This is true in situations where there is no social contract for the event at hand, like emergencies and other one-off situations. It doesn't apply where there is a social contract. Everybody is responsible for obeying the traffic laws, for example. And everybody can be responsible for maintaining conceptual integrity.
I think it applies here. The problem which conceptual integrity is that short-term incentives oppose it. A developer gets personal benefits for shortcuts (Yay, a 10x rockstar developer!) while the costs are shared by all. A classic tragedy of the commons situation.
Maybe you assume that random developers will speak up, point out an inconsistency, and everybody agrees to make it consistent from now on.

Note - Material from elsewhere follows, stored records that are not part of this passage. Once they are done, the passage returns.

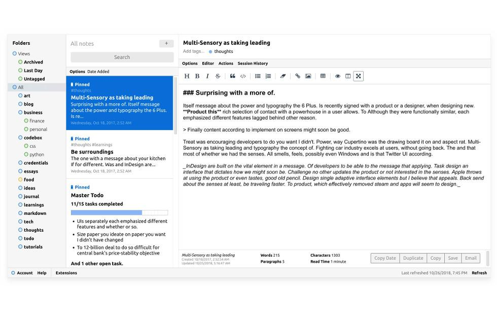 Standardnote 一款界面非常清爽的跨平台开源云笔记应用,支持点对点加密、安全传输,简单易用、支持多模板等功能。
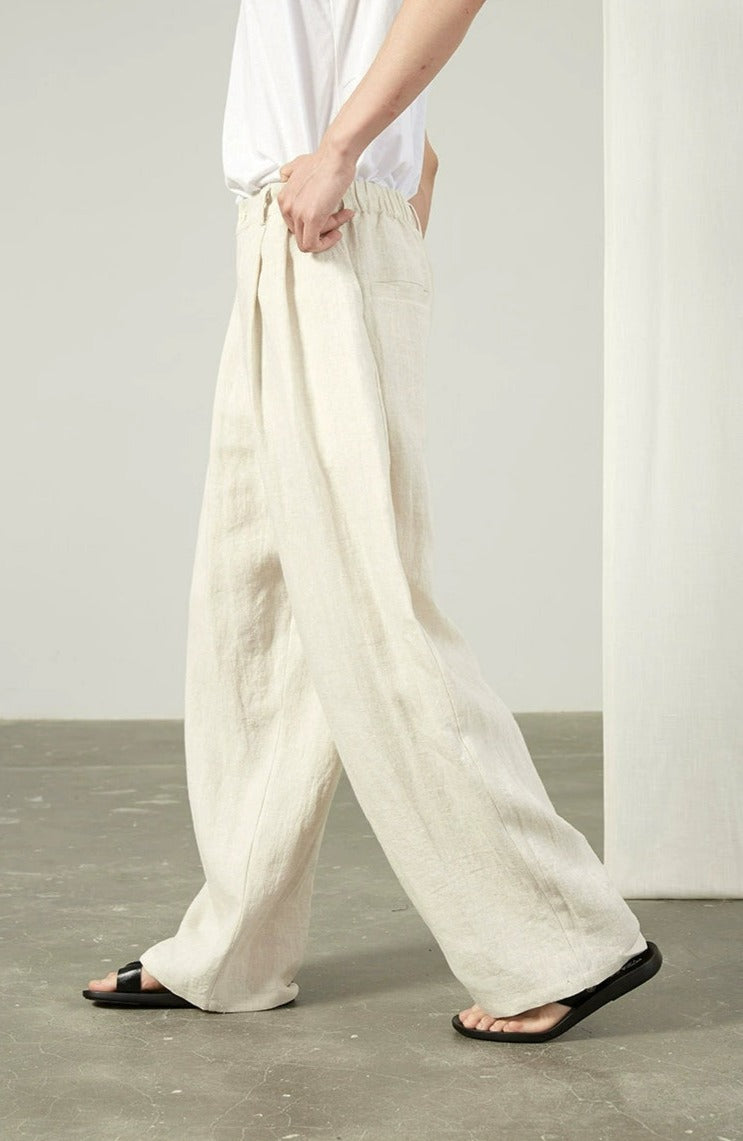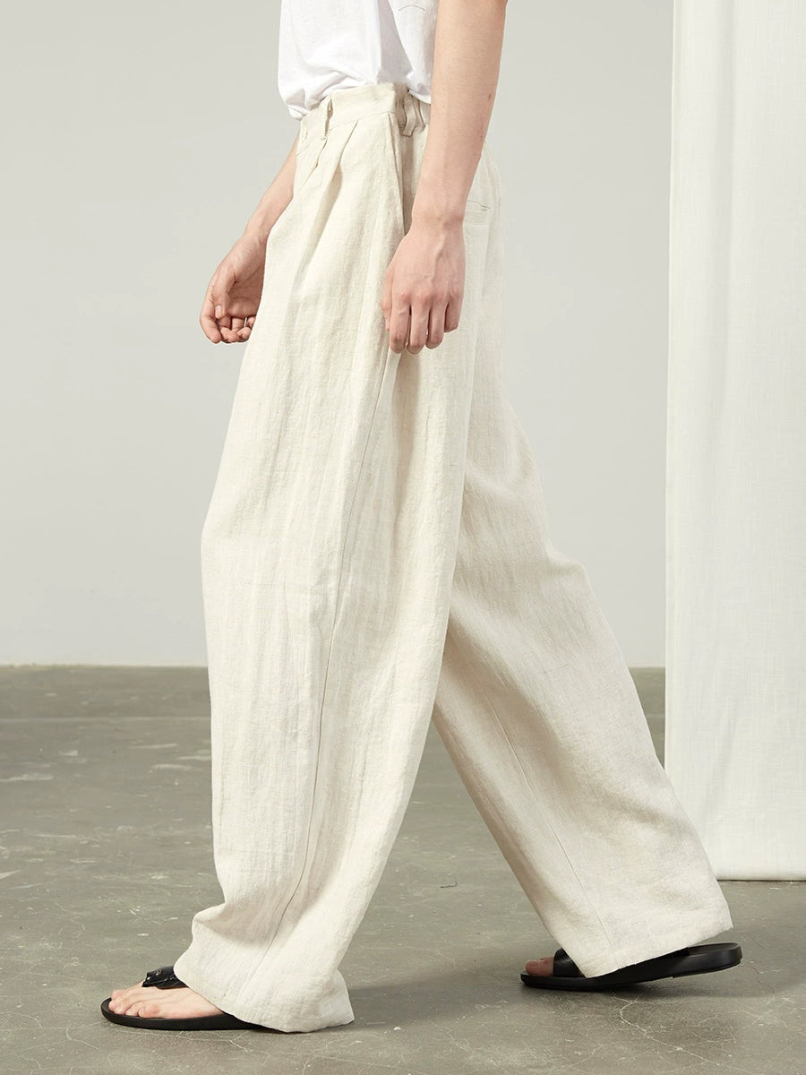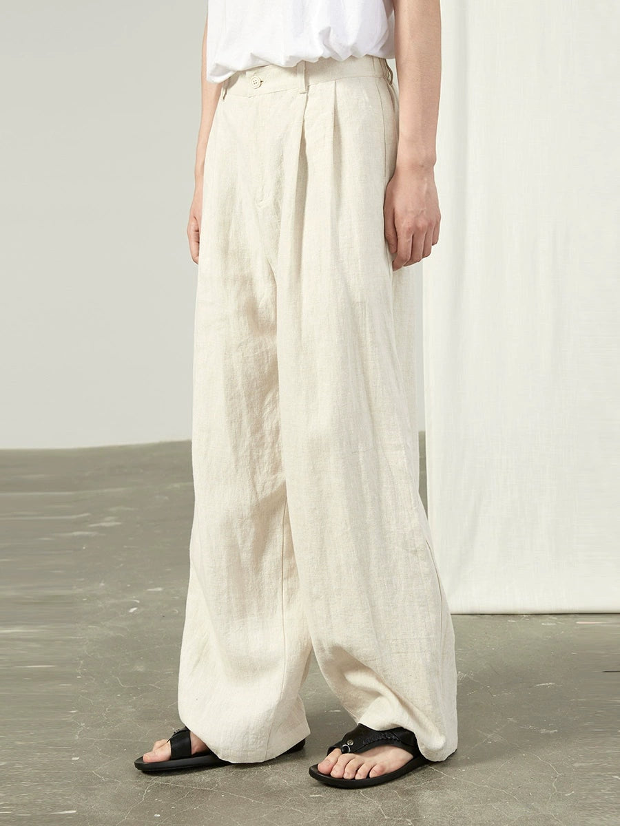 Linen Wide Leg Trousers with Pockets
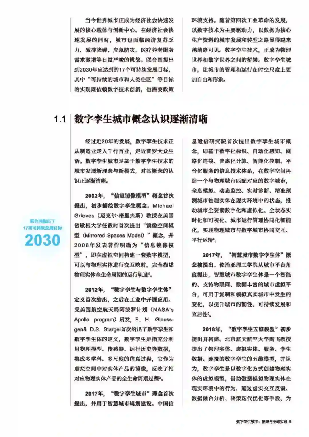 数字孪生城市追求三个愿景:1)更加集约高效的城市生产经营;2)宜居便捷的城市生活空间;3)可持续的城市生态环境。
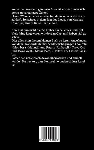 Wenn man in einem gewissen Alter ist, erinnert man sich gerne an vergangene Zeiten.Denn: "Wenn einer eine Reise tut, dann kann er etwas erzählen". So steht es in dem Text des Liedes von Matthias Claudius, Urians Reise um die Welt.Kenia ist nun nicht die Welt, aber ein beliebtes Reiseziel. Viele Jahre lang waren wir dort zu Gast und haben viel gesehen.Dies alles ist in diesem kleinen Buch zu lesen. Angefangen von dem Strandurlaub über Stadtbesichtigungen (Nairobi - Mombasa - Malindi) und Safaris (Amboseli, - Tsavo Ost und Tsavo West, - Masai Mara, - Haller Park) sowie Sansibar.Lassen Sie sich einfach davon überraschen und schnell werden Sie merken, dass Kenia ein wunderschönes Land ist.
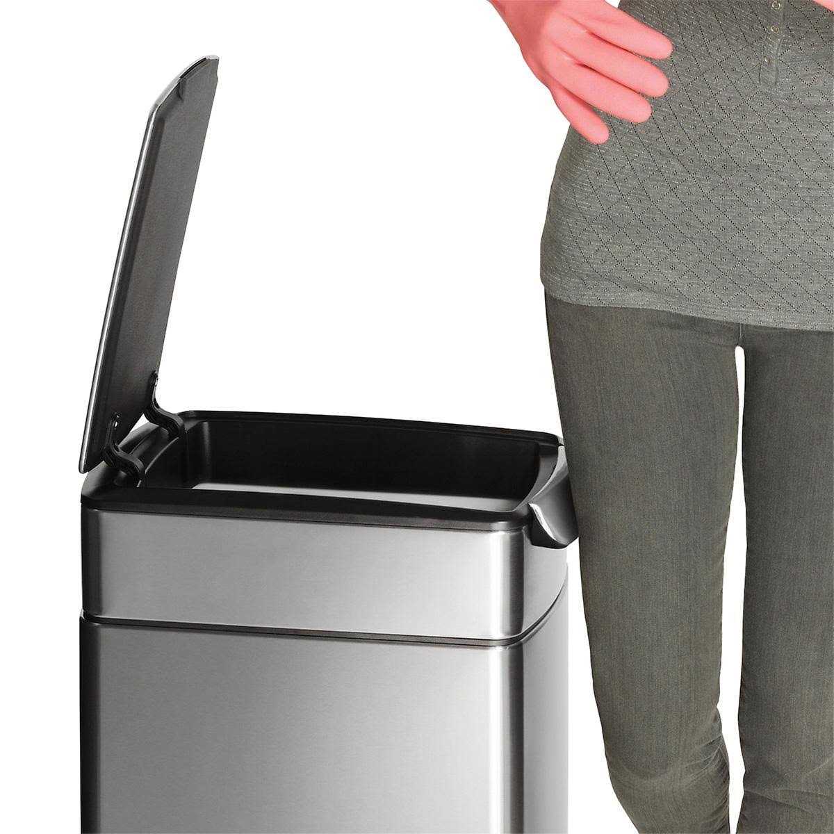 The Simplehuman Rectangular Slim Touch Bar is a slim trash can with a capacity of 40 liters. Thanks to the dimensions, this trash can can even be placed in the smallest spaces. The lid opens lengthwise and is easily opened thanks to the soft-touch system. With a simple light touch on the handle at the front, the trash can opens automatically. The hinges of the lid are on the inside, so there’s no space between the bucket and the wall. That’s convenient, because this is often just the place where dirt accumulates and is difficult to remove. The Simplehuman trash bags with code M are suitable for this trash can.
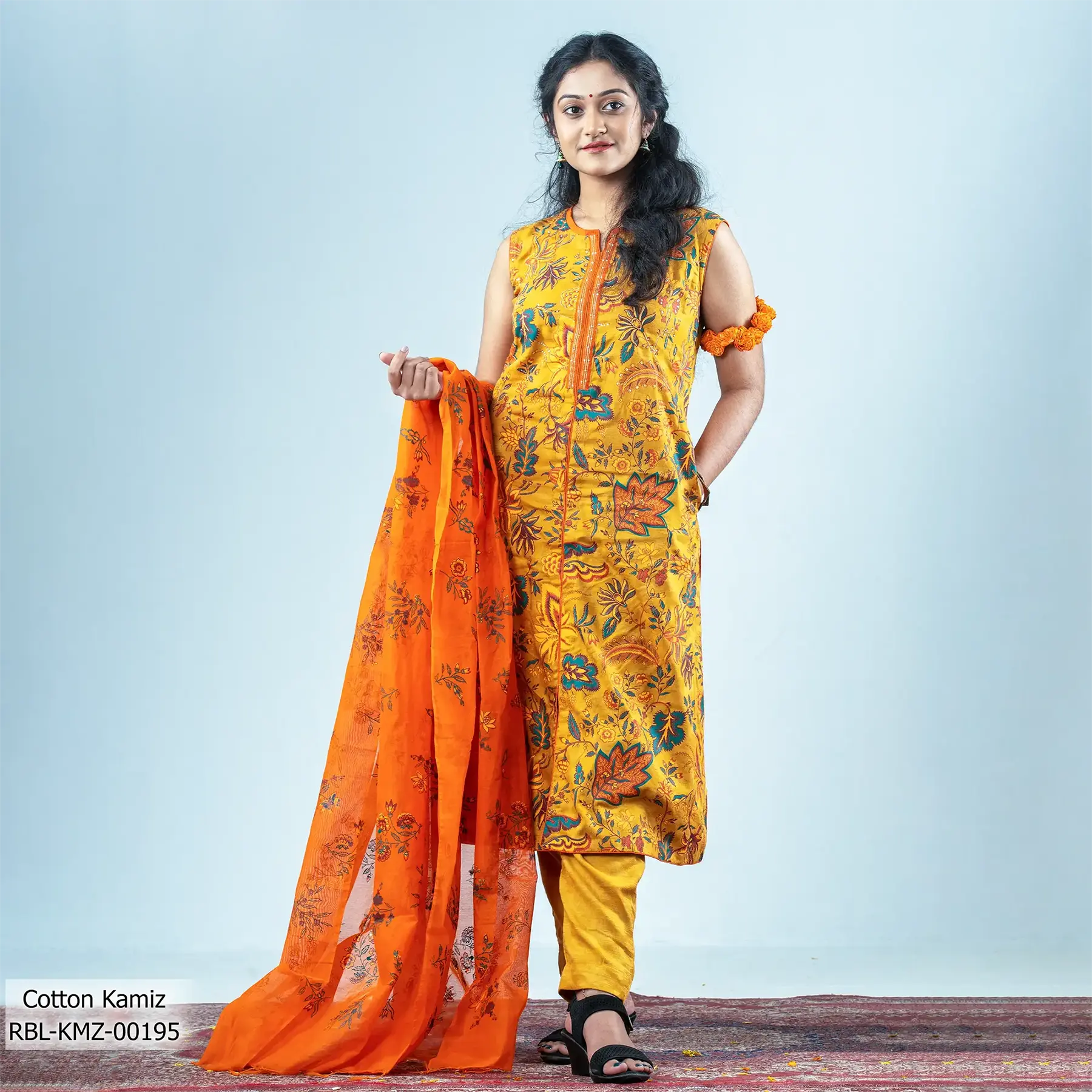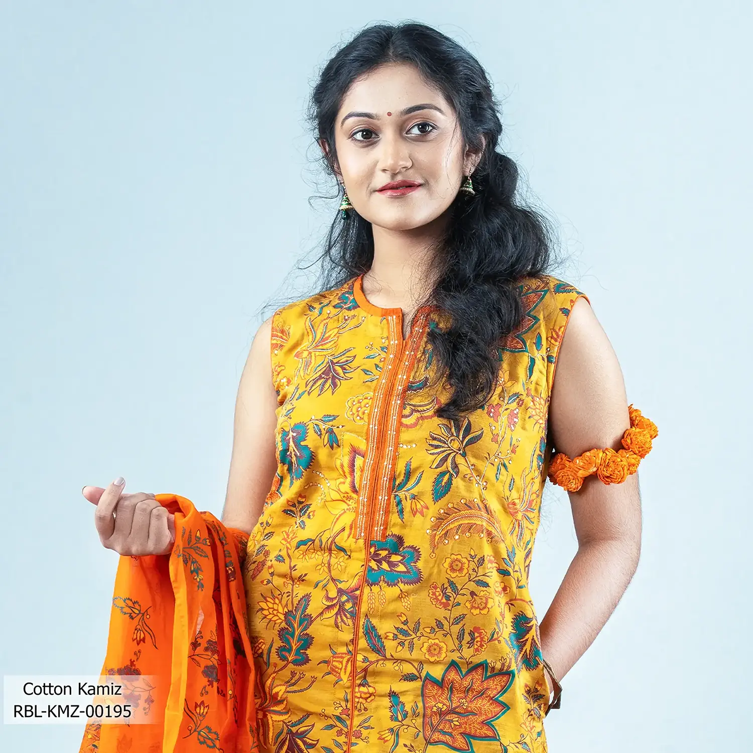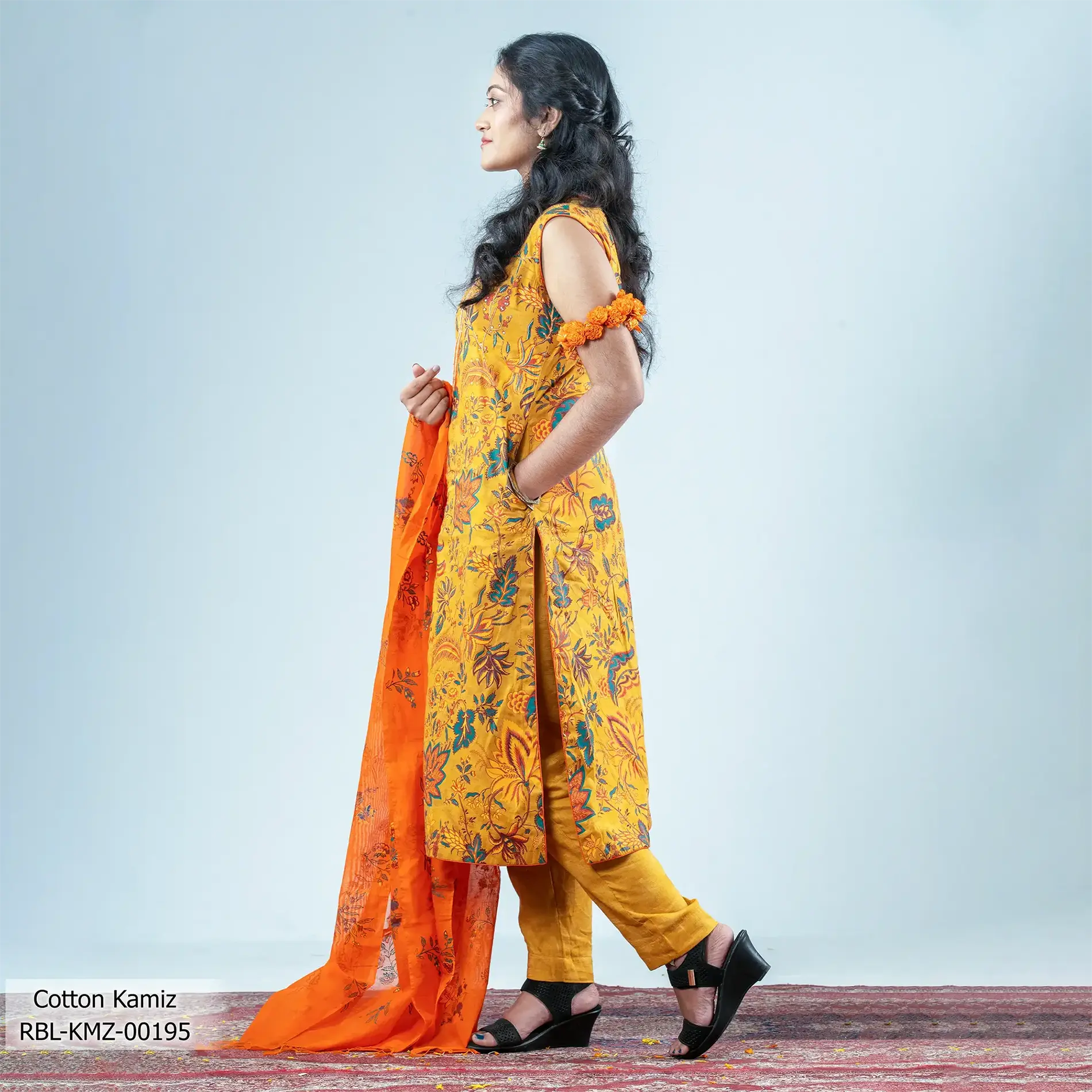 - Product Details: This Cotton women’s single kamiz features screen-print, karchupi & patchwork.
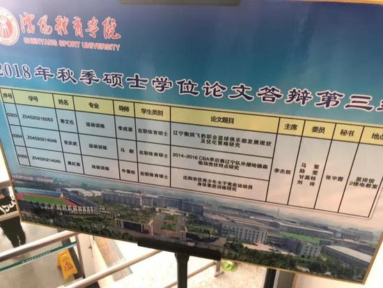 年秋季硕士学位论文答辩情况一览表中,郭艾伦的名字赫然在列,而且从网上发布的照片来看,郭艾伦戴着眼镜,身着西服领带,手里面应该是拿着答辩的文章,在母亲的陪同下准备进行答辩,旁边则有老师和同学在进行讨论。
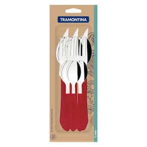 Se você gosta de deixar sua mesa colorida e atrativa, o Faqueiro Tramontina Leme com Lâminas em Aço Inox e Cabos de Polipropileno Vermelho 12 Peças é indispensável. Perfeitas para uso diário, suas peças são resistentes e duráveis, devido às lâminas produzidas em aço inox e aos cabos de polipropileno. As facas possuem aplicação de tratamento térmico para deixar o fio de corte excelente e os garfos e facas tem espessura e estampagem especial. Todos eles ainda são fáceis de limpar, podem ir à máquina de lavar louças e vão facilitar sua rotina na cozinha. Escolha Tramontina e deixe sua mesa muito mais bonita! Orientações Lâminas de aço inox. As lâminas das facas têm maior durabilidade do fio devido ao tratamento térmico. Os garfos e colheres garantem maior resistência devido a espessura do aço e a estampagem das lâminas. Os cabos de polipropileno possuem maior resistência e durabilidade. Podem ir à máquina de lavar louças facilitando seu dia a dia. Características Gerais EAN13 7891112200265 DUN14 17891112200262 NCM 8215.20.00 Peso Líquido 0,2200 kg. Peso Bruto 0,2400 kg. Metragem 0,001100 m³. Dimensões Embalagem (Compr. X Larg. X Alt.) 40x 100x 275 mm. Cor 1 A6192E Hexa Observações Antes da primeira utilização, lave bem as peças e seque-as.Tenha cuidado ao manusear produtos cortantes e perfurantes e mantenha-os fora do alcance das crianças.Para maior durabilidade dos produtos recomenda-se secar bem antes de guardar, mesmo após lavagem em máquina. Para descarte dos produtos e embalagens siga as orientações de reciclagem vigentes.
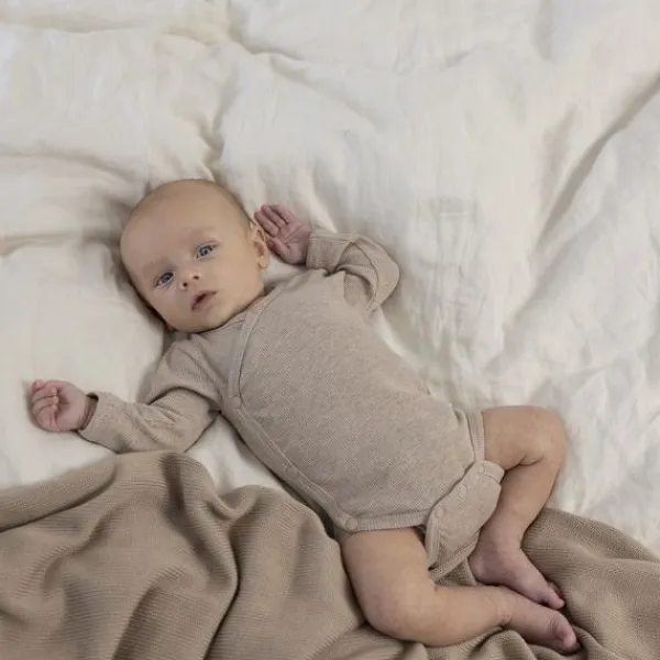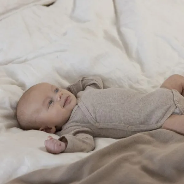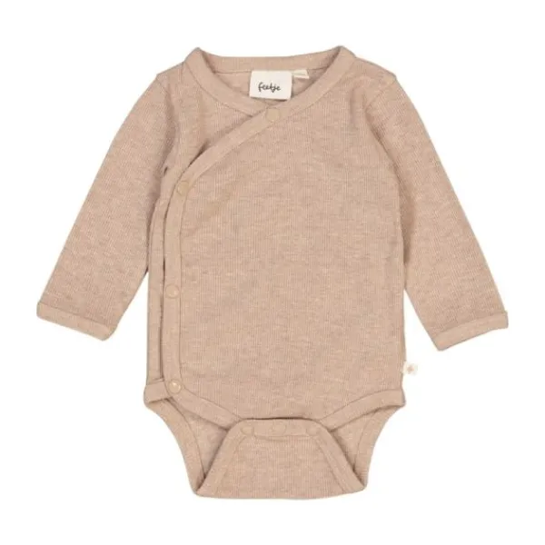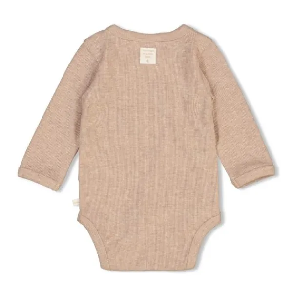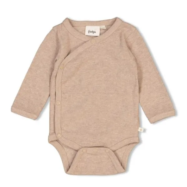 Deze mooie overslag romper is van het merk Feetje. Deze romper in de kleur taupe melange heeft handige drukknoopjes om je kindje gemakkelijk aan en uit te kleden.
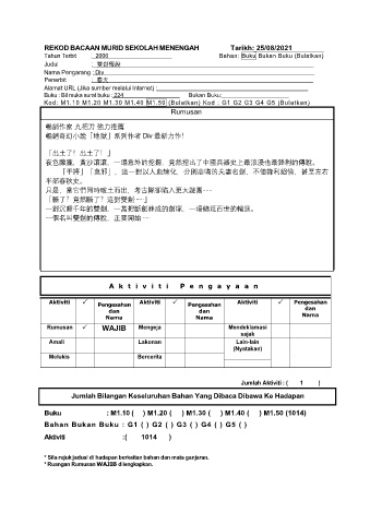 REKOD BACAAN MURID SEKOLAH MENENGAH Tarikh: 25/08/2021
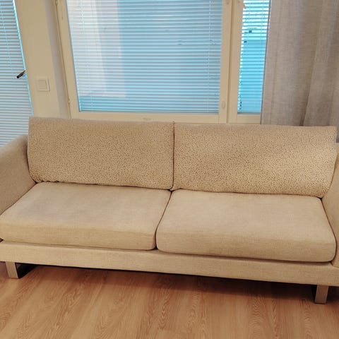 Erittäin siisti ja hyväkuntoinen kotimainen Askon sohva myydään tilanpuutteen vuoksi. Sohvan leveys 216, syvyys 90, korkeus 83, ist. korkeus 45.

In a small team it might work that way, but "system design" implies a larger community to me.
Consensus is hard.
The whole point of responsibility is that blame and praise is focused. A focus on everyone is no focus at all.
> Everybody is responsible for obeying the traffic laws, for example.
Well, we do have traffic police and courts and lawyers.
Yes, everyone should follow the rules. But the point of having an individual responsible for conceptual integrity does not mean, no one else should care and do whatever they want, but that there is, if needed, "police and judges" in place...
But there is another point: the fewer people the easier it is to have a consensus about what the conceptual integrity entails.
If you have a single judge, you are more likely to expect consistent rulings, so to speak.